Gusu Lan has the political clout to protect him, and now he uses this privilege bitterly. It had almost destroyed Yunmeng Jiang, yet Gusu Lan gives it freely. At what cost, no one has ever told him.
Lan Wangji disregards Jiang Cheng and steps into the boat. Wei Wuxian hesitates to follow.
Today Jiang Cheng wears dark blue and Wei Wuxian wants to touch him again, wants to hug him tightly and keep his scent in his hands just like last night.
“I will come back,” he says.
“Do as you wish,” Jiang Cheng replies and hands him a thinly bound book. The healer’s notes.
Their fingers brush and Wei Wuxian savours the split-second of contact, but Jiang Cheng instantly recoils, like his skin is made of fire.
Do not touch me.
It stings.
“Take care,” he tries again.
“And you.”
—
He plays chenqing while Lan Wangji stands at the front of the boat with his eyes to the horizon.
He runs out of tunes after the fifth song and the silence grows heavy.
“Do you like Jiang Wanyin?” Lan Wangji asks hours later when they are halfway downriver. This time, there is nowhere to go except for the small space they share.
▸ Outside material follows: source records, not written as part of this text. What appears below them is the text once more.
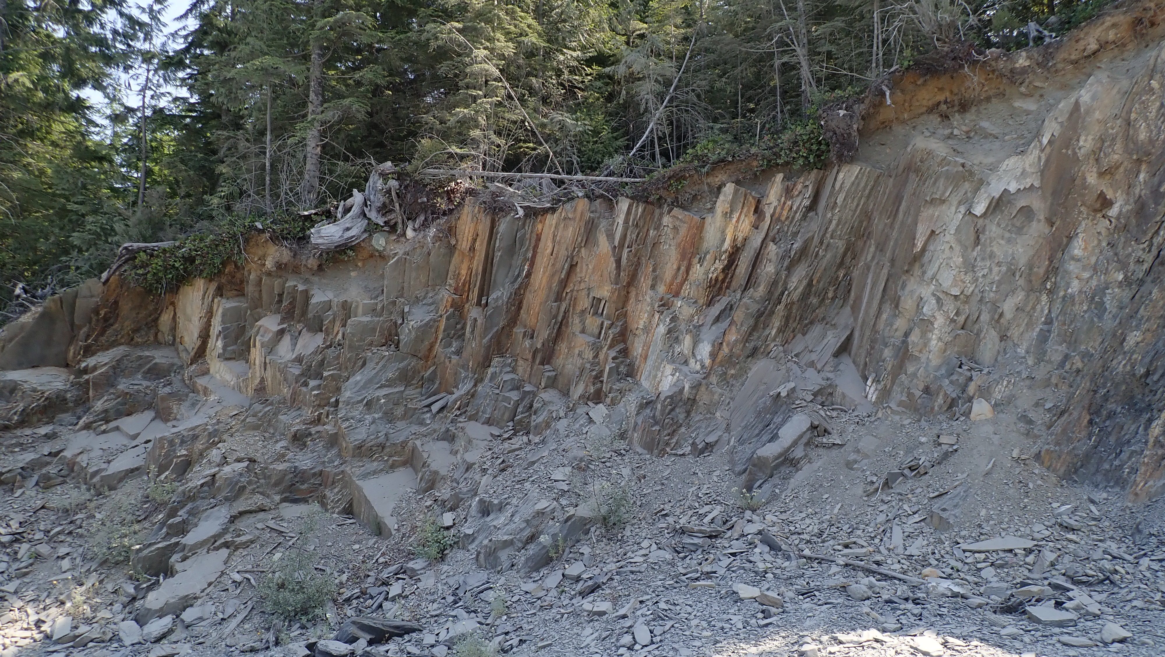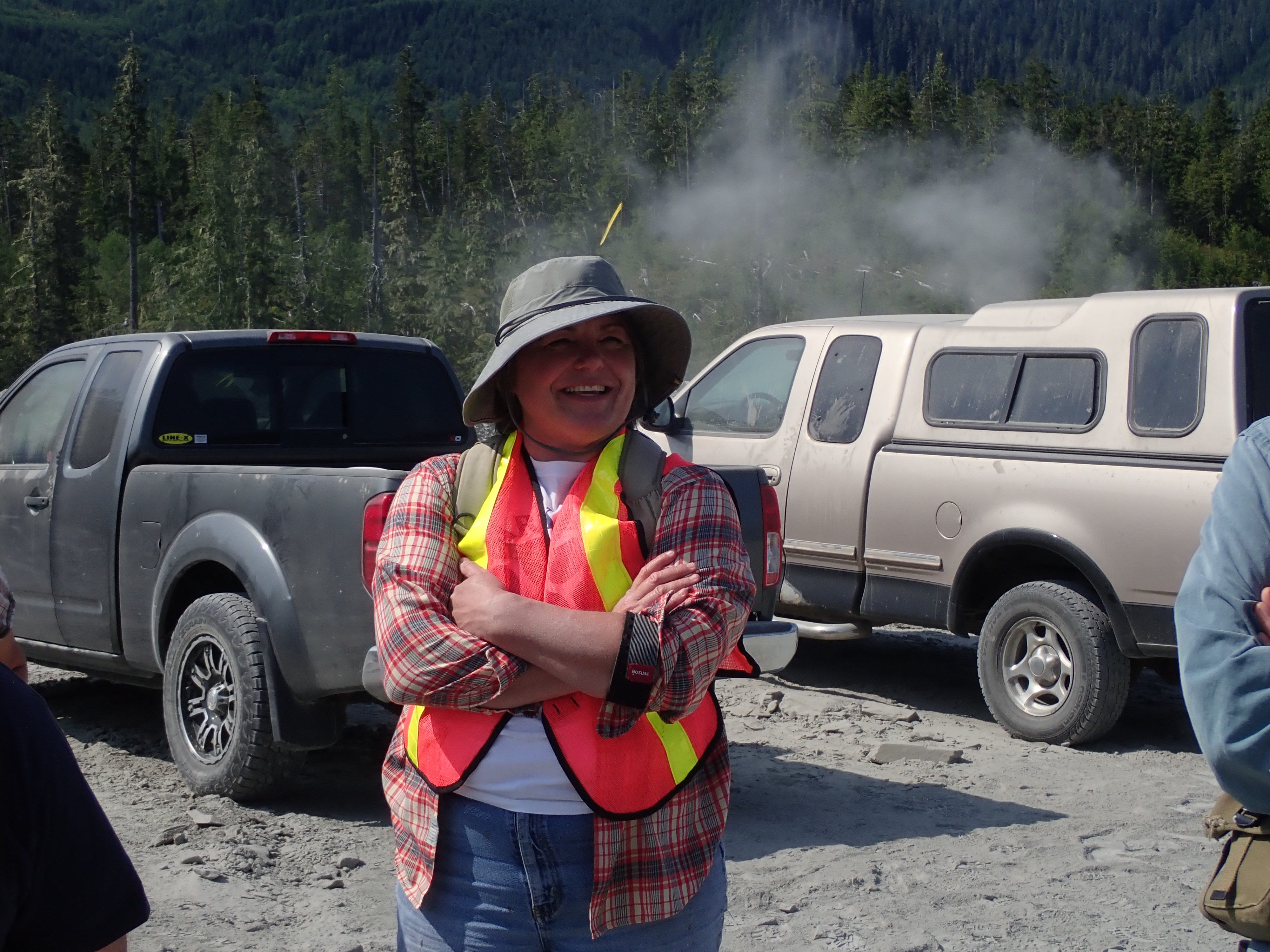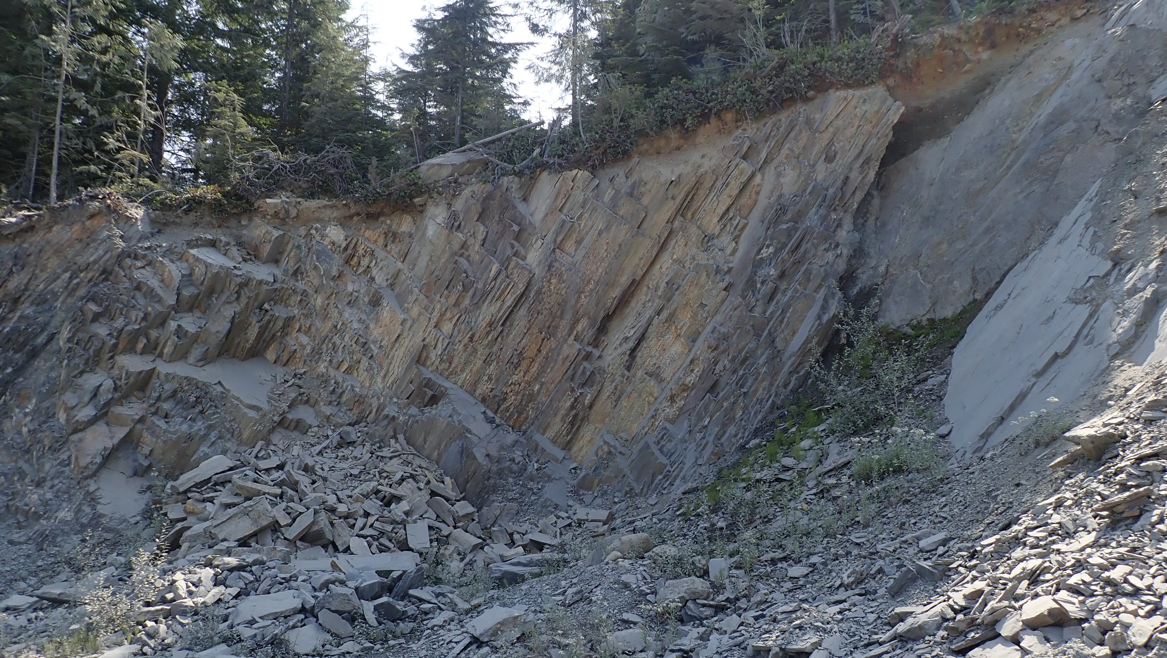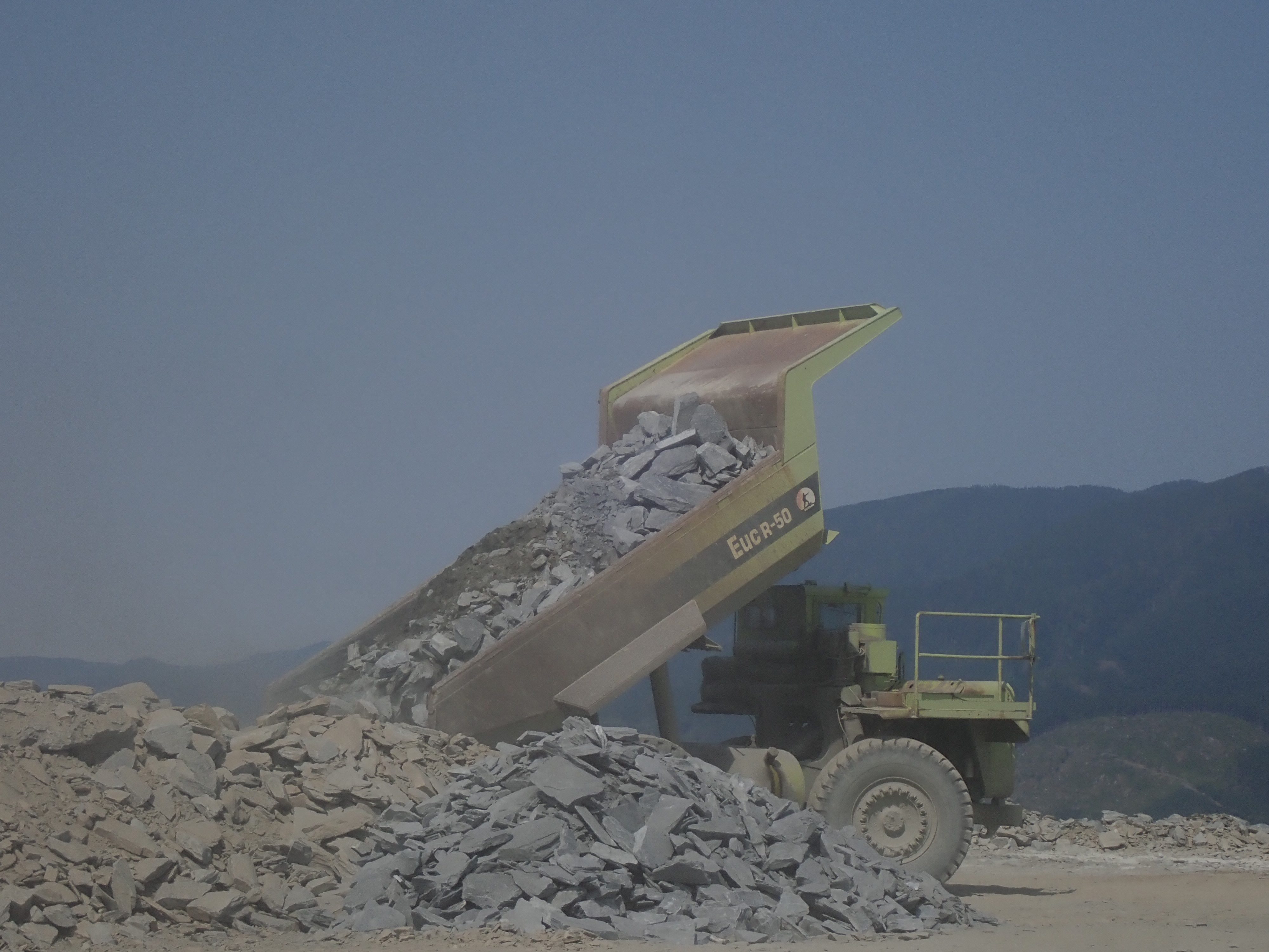 The K2 Quarry is located past Lizard lake on a challenging and extremely dusty logging road.  A convoy of around 12 high-clearance vehicles made the trip, loaded to the gunnels with all who wanted to attend.  We were met for the last segment by Matt Girard from the Nanaimo office of K2 Stone.  In the quarry we had an hour walk-and-talk on how K2 operates. We were allowed to take any sample of rock we could physically carry to our vehicles – which led to some team efforts.
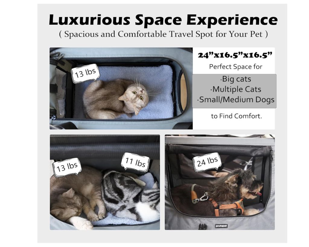 Prutapet Large Cat Carrier 24″x16.5″x16.5″ Portable Dog Crate for Small Medium Dogs Collapsible Traveling Pet Crate with Collapsible BowlSize:24″x16.5″x16.5″ (No Litter Box)
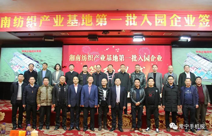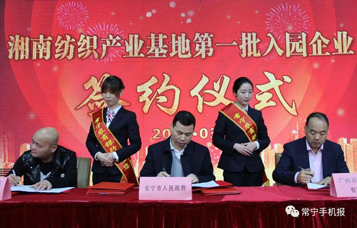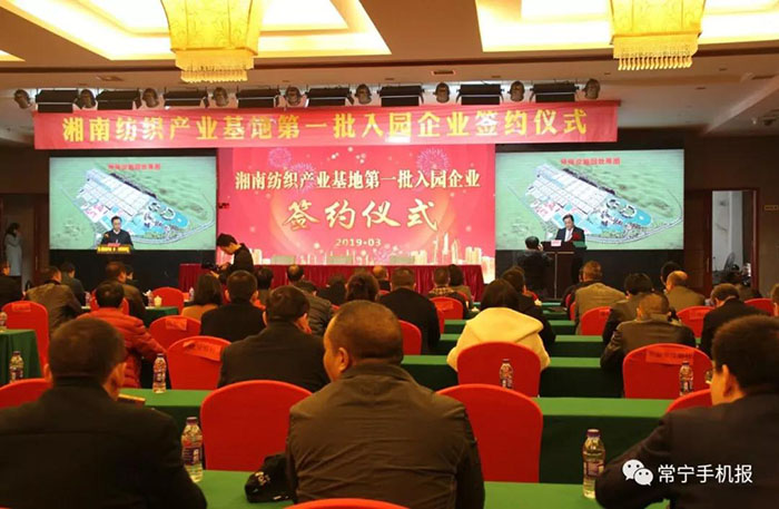 3月8日,湘南纺织产业基地第一批入园企业签约仪式在常宁帝煌大酒店举行,16家企业签订入园协议,成为湘南纺织产业基地的第一批“主人”。
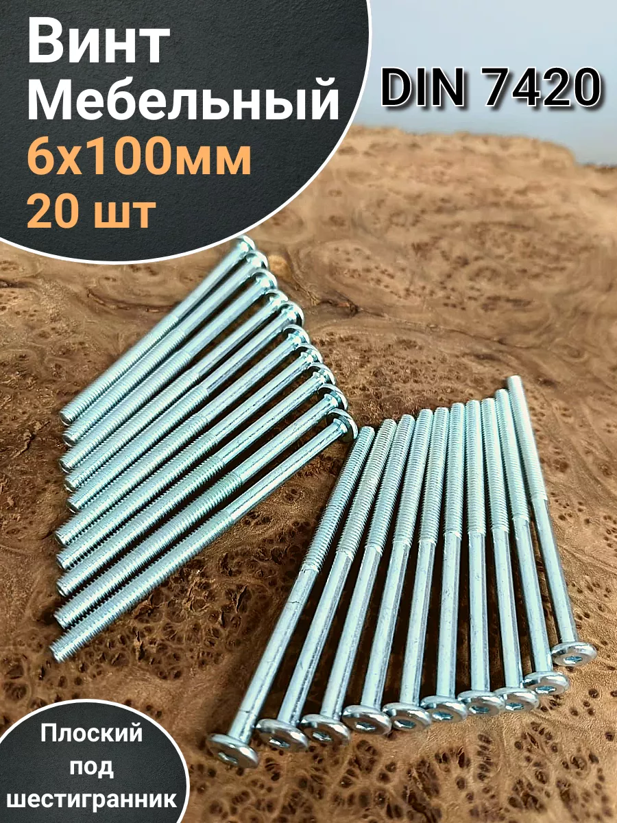 Винт мебельный 6х100 плоский под шестигранник DIN7420,20 шт
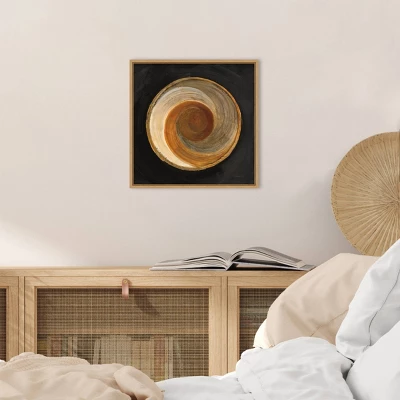 ART DESCRIPTION: A woven brown basket appears in front of a stark black background, viewed from above. The baskets tan rim and inside weave are displayed, showing a rough circular pattern with deep rust and beige swirls. This Amanti Art canvas art print was created by Albena Hristova and printed by Amanti Art in Madison WI. The canvas is stretched by hand and finished with a float frame. Individually made using traditional custom framing techniques, it has the quality you would expect from your local frame shop. Because of our attention to detail and focus on artistry, architects, interior designers, and homeowners alike choose this framed canvas artwork to create beautiful living spaces.
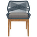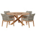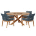 Enjoy the company of family and friends or a peaceful morning of relaxation gathered around the Wellspring 5-Piece Outdoor Patio Dining Set. Crafted with premium solid teak wood that is naturally weather-resistant, this round outdoor table features a contemporary trestle base situated on non-marking foot pins to protect outdoor flooring. This dining table boasts a beautiful wood grain and a removable lazy Susan for easy serving. Measuring 63" in diameter, the outdoor table is complete with four patio chairs featuring a premium solid teak wood base with stretchers and non-marking foot pins. These patio chairs boast woven rope detail on the aluminum seat frame, a crisscross pattern along the backrest, and removable cushions with dense foam padding and ties to ensure a secure seat. The Wellspring Dining Set is a charming addition to a backyard, patio, porch, deck, or poolside. Assembly required. Chair Weight Capacity: 220 lbs.
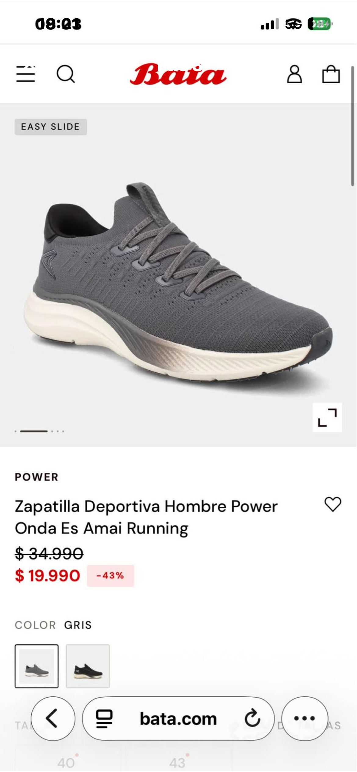 Zapatilla deportiva Power para hombre en color gris, ideal para running. En buen estado, listo para usar. Talla 43
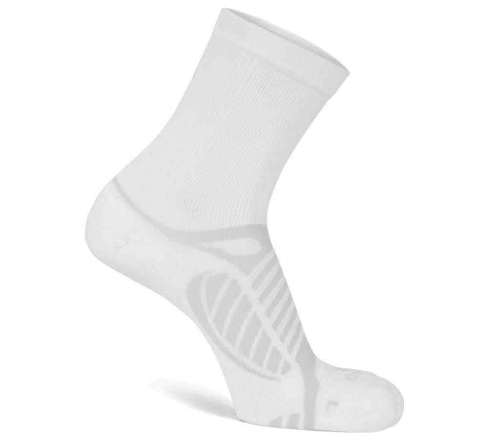 Balega's Ultralight Crew socks combine ultrafine hi-tech performance yarns with a protection-based design to create the sheerest, lightest performance crew running sock. Engineered with Drynamix moisture management technology, these socks will keep your feet cool and dry, while allowing free airflow for maximum comfort, performance, and durability. Ultralight Crew socks are constructed with ultrafine hi-tech performance yarns and feature a protection-based design to create the sheerest, lightest performance crew running sock. Engineered with Drynamix moisture management technology, the socks will keep your feet cool and dry, while allowing free airflow for maximum comfort, performance, and durability. The hand crafted, high performance Ultralight Crew socks are lightweight and thinner than most other running socks to provide a true minimalist feel. Race-tested and incorporating a hand-linked seamless toe to eliminate abrasion across the top of the foot, these socks provide the ultimate comfort without adding bulk to your shoe. An extra deep heel pocket ensures the sock fits your foot perfectly and won't slide down during activity.

Thoughts of warm hair and apricot eyes rattle like dice in his head.
“How can I not?”
Wei Wuxian’s tongue feels heavy against these words.
He is so out of place.
“Lan Zhan, thank you.”
“Wei Ying,” Lan Wangji turns to him, gaze wide and mouth parted.
His expression is open and Wei Wuxian sees a million things in those amber eyes but he is tired, so tired of guessing, always guessing and guessing what Lan Wangji is trying to tell him.
And heavens he remembers the sheer relief of loving the man but the weariness in his soul is drowning him.
Wei Wuxian waits for Lan Wangji to say something, but only silence follows.
He sighs.
“Lan Zhan, I think we should part ways.”
-
He packs what little he wants to take with him before Lan Xichen and the rest of the delegation return from Lotus Pier.
He returns the jade token to Lan Wangji.
Lan Wangji does not take it.
Instead the second jade reaches up and extracts the delicate blue forehead ribbon from the complex do of his hair and deposits it in Wei Wuxian’s open palm.
There is firmness in his eyes, but Wei Wuxian finds no joy in carrying someone else’s mark on him.
Wei Wuxian catches Lan Wangji’s wrist lightly, trapping the artefacts between their hands. He had once touched Lan Wangji’s sacred forehead ribbon in ignorance and innocence, but now he presses the flesh of his hand into it with intention.
They remain for a moment.
Then, he slowly flips their hands over, transferring both items into Lan Wangji’s palm.
He will always owe his man his life, he will always look back on their memories fondly, but he will not yearn.
“Lan Zhan, I need to go,” it pains him to leave this life behind, because there had been some good in it, but now perhaps the goodness has run its course, and now perhaps there are dreams to be had below the clouds.
Wei Wuxian curls his fingers around Lan Wangji’s, closing the other man’s fist over the token and the ribbon.
“I would write to you, if you would have me as a friend.”
Lan Wangji’s eyes are fixed on something somewhere below chin.
“Thank you,” Wei Wuxian smiles gently, then steps away and pulls stubborn Little Apple down the first few steps from Cloud Recesses.
“Jiang Wanyin will not love you,” Lan Wangji calls softly from behind him. His voice wavers.
Wei Wuxian pauses, then speaks.
“Did it matter when you first loved me?”
He and Lan Wangji are more similar than most would think. Zhiji, that is what he had called Lan Wangji.
Someone who knows me as I know myself.
—
Two years and one summer after waking up in Mo Manor, Wei Wuxian leaves Cloud Recesses.